■ **Task to carry out**:
With the pictures left out, print exactly the lines below that run from the one containing "След това задължително" through the one containing "Dedos de mozzarella".

--- Records to process ---

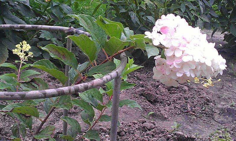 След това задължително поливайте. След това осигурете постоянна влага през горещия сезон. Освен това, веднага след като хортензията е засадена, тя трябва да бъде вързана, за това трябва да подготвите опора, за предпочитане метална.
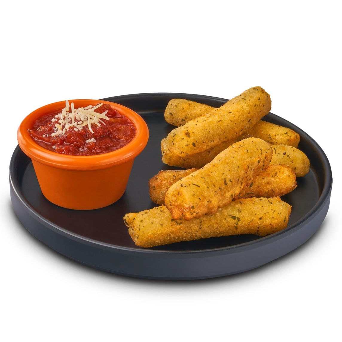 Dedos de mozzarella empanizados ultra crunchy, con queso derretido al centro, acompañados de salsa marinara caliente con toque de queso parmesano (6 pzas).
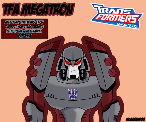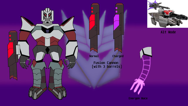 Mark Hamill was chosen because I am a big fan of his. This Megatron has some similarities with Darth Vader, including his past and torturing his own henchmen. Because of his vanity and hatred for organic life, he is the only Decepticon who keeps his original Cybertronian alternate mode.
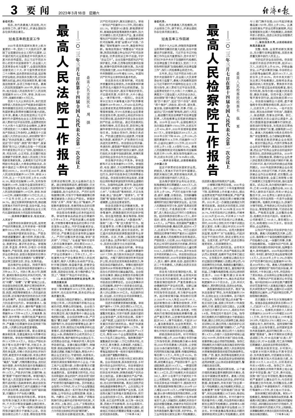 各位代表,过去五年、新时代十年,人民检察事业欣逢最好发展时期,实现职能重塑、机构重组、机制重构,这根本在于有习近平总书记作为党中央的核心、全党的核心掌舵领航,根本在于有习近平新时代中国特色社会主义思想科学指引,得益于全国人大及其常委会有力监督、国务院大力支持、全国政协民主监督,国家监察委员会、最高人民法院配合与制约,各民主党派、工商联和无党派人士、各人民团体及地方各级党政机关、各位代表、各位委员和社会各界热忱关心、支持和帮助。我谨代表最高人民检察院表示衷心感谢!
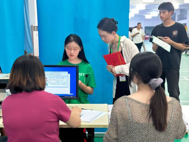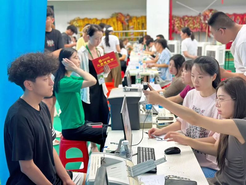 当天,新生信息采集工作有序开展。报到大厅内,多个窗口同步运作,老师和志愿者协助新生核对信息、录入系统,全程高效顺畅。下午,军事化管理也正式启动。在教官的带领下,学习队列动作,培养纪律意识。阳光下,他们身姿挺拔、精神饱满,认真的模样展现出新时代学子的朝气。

---
--- Records to process ---

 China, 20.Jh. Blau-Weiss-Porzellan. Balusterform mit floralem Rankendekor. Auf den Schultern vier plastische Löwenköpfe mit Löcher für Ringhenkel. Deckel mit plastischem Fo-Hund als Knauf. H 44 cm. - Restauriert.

---
--- Records to process ---

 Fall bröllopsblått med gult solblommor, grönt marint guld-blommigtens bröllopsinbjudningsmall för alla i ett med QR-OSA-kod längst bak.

---

■ **Expected answer**:
 След това задължително поливайте. След това осигурете постоянна влага през горещия сезон. Освен това, веднага след като хортензията е засадена, тя трябва да бъде вързана, за това трябва да подготвите опора, за предпочитане метална.
 Dedos de mozzarella empanizados ultra crunchy, con queso derretido al centro, acompañados de salsa marinara caliente con toque de queso parmesano (6 pzas).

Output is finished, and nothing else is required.